B. Constitutional Texts

Gender non-discrimination has only recently been recognized as an element of equality. Some older constitutions merely guarantee equal protection of laws (Constitution of the United States of America 4 March 1789, amended 1992, 14th Amendment), subsequently interpreted to prohibit gender discrimination (Reed v Reed (US); followed in Attorney-General v Unity Dow (2001) (Bots)). More recent constitutions expressly forbid gender discrimination (Constitution of India: 26 November 1949, amended to 2016, Art. 15(1) (India); Canadian Charter of Rights and Freedoms: 17 April 1982, amended to 1993, s 15 (Can); Constitution of South Africa: 4 February 1997, amended to 2013, s 9(3) (S Afr); Constitution of the Republic of Ecuador: 20 October 2008, Art. 46(7) (Ecuador)). The meaning of ‘discrimination’, whether defined constitutionally (Constitution of the Republic of Ghana: 28 April 1992, amended to 1996, Art. 17(3) (Ghana); Constitution of Lesotho: 2 April 1993, amended to 2001, Art. 18(3) (Lesotho)), or judicially (Andrews v Law Society of British Columbia (1989) (Can); Amparo directo en revisión 993/2014 (2014) (Mex)), is widely accepted to mean the allocation of differential benefits and burdens to people, attributable to some personal or group characteristic, such as gender. Older constitutions do not distinguish between direct and indirect discrimination (Constitution of the United States of America, 14th Amendment (US); European Convention for the Protection of Human Rights and Fundamental Freedoms (1950), Art. 14 (Eur)), while more recent constitutions specifically prohibit both forms (Constitution of South Africa, s 9 (S Afr); more concretely, Constitution of Botswana 30 September 1996, amended to 2005, s 15(1) (Bots)).

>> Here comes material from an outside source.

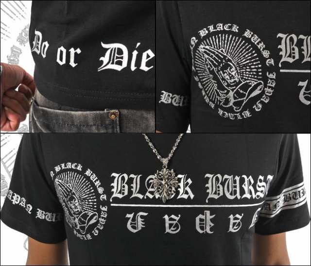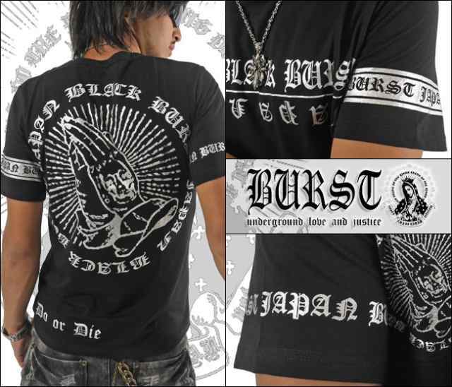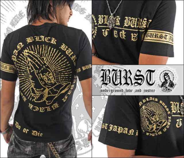 BURST JAPAN ブランドロゴプリント&スカルプレイハンド合掌半袖Tシャツ70532  新品 ブラック×ゴールド XL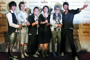 坐在金曲獎(jiǎng)臺(tái)下悶了一晚的“蘇打綠”,在倒數(shù)第4個(gè)獎(jiǎng)項(xiàng)終于拿獎(jiǎng),順利連莊“最佳樂團(tuán)獎(jiǎng)”。盡管去年已享受過這份殊榮,但大伙還是齊呼:“感謝每個(gè)肯定我們的人,再拿還是開心!”今年參加金曲,“蘇打綠”帶著精心打扮過的媽媽們“蘇打娘”走星光,粉嫩又亮眼的星媽們果真也替他們帶來好運(yùn)氣。

Additionally, some constitutions permit or require the state to undertake ameliorative measures to achieve the real and effective equality of historically marginalized groups (Political Constitution of Colombia: 4 July 1991, Art. 13 (Colom)), and specifically of women (Constitution of India, Art. 15(3) (India); Constitution of the Kingdom of Bhutan, 2008, Art. 9(17) (Bhutan); Constitution of Greece, 1978, amended to 2008, Art. 116(2) (Greece); Basic Law of the Federal Republic of Germany, 1949, amended to 2012, Art. 3(2) (Ger)).

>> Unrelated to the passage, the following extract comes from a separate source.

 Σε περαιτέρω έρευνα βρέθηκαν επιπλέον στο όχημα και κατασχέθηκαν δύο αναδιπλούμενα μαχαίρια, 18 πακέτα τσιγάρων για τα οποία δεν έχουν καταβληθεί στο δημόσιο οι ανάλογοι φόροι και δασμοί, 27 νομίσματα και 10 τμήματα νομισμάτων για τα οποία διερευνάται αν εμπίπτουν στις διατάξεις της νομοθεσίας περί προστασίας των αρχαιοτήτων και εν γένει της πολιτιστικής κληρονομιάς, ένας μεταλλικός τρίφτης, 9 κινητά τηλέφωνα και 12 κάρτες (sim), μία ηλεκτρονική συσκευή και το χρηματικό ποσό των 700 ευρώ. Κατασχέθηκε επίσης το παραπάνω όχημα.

C. Method: Standards of Review and Burdens of Proof

Latin American jurisdictions apply strict judicial review to gender discriminatory state action, requiring the state to demonstrate the absence of available alternatives (Discrimination against Divorced Women (Guam); marriage). The US Supreme Court also subjects gender-classificatory laws to ‘intermediate scrutiny’, requiring ‘that the (challenged) classification serve important governmental objectives and that the discriminatory means employed’ be ‘substantially related to the achievement of those objectives’ (United States v Virginia, 518 US 515 (1996) (US)). Similarly, under the European Convention on Human Rights, the ‘wide margin of appreciation’ afforded to member states is substantially narrower in gender discrimination cases (Abdulaziz and Ors v The United Kingdom (1985) (ECHR)). In 2007, the Indian Supreme Court cited both American and European approaches in order to apply heightened scrutiny to gender discriminatory laws (Anuj Garg vs Hotel Association (2008) (India)). More generally, jurisdictions such as Germany, Canada, South Africa, and Hong Kong require that discriminatory classifications must fulfil the tests of legitimate governmental aim, and of proportionality (R v Oakes (1986) (Can); Brink v Kitschoff (1996) (S Afr); Yao Yuk Lung (2007) (HK)). Some of these jurisdictions also place the onus of proof upon the state for justifying gender discriminatory action (see eg Constitution of South Africa, s 8(4) (S Afr)).

D. Substantive Doctrines

1. Direct and Indirect Discrimination

Courts disagree about whether discrimination arises out of discrete individual acts, and thereby requires a showing of discriminatory intent (Personnel Administrator of Massachusetts v Feeney (1979) (US)), or whether it is systemic, arising out of a set of ‘policies and practices’ often engaged in unconsciously but which have discriminatory effects (CN v Canada (1987) (Can)). The latter approach has allowed the Canadian Supreme Court to hold, in British Columbia Public Service Employee Relations Commission v BCGSEU (1999) (Can), that a facially gender ‘neutral’ aerobic test for fire-fighters discriminated against women (‘indirect discrimination’; rights of women). Scientific evidence demonstrated that a majority of women could not meet the standard and the state failed to show that it was a ‘bona fide occupational requirement’ (see also s 932. XLVI, Recurso de Hecho, Sisnero, Mirtha Graeiela y otros el Taldelva SRL y otros s/ amparo (2014) (Arg)). Indirect discrimination, however, has not only been applied to specific acts, such as employment tests, but also to a broader range of more intangible structural and systemic practices, such as for instance a comparatively hostile job market towards women in terms of hiring times (Australian Iron & Steel vs Banovic (1989) (Austl)).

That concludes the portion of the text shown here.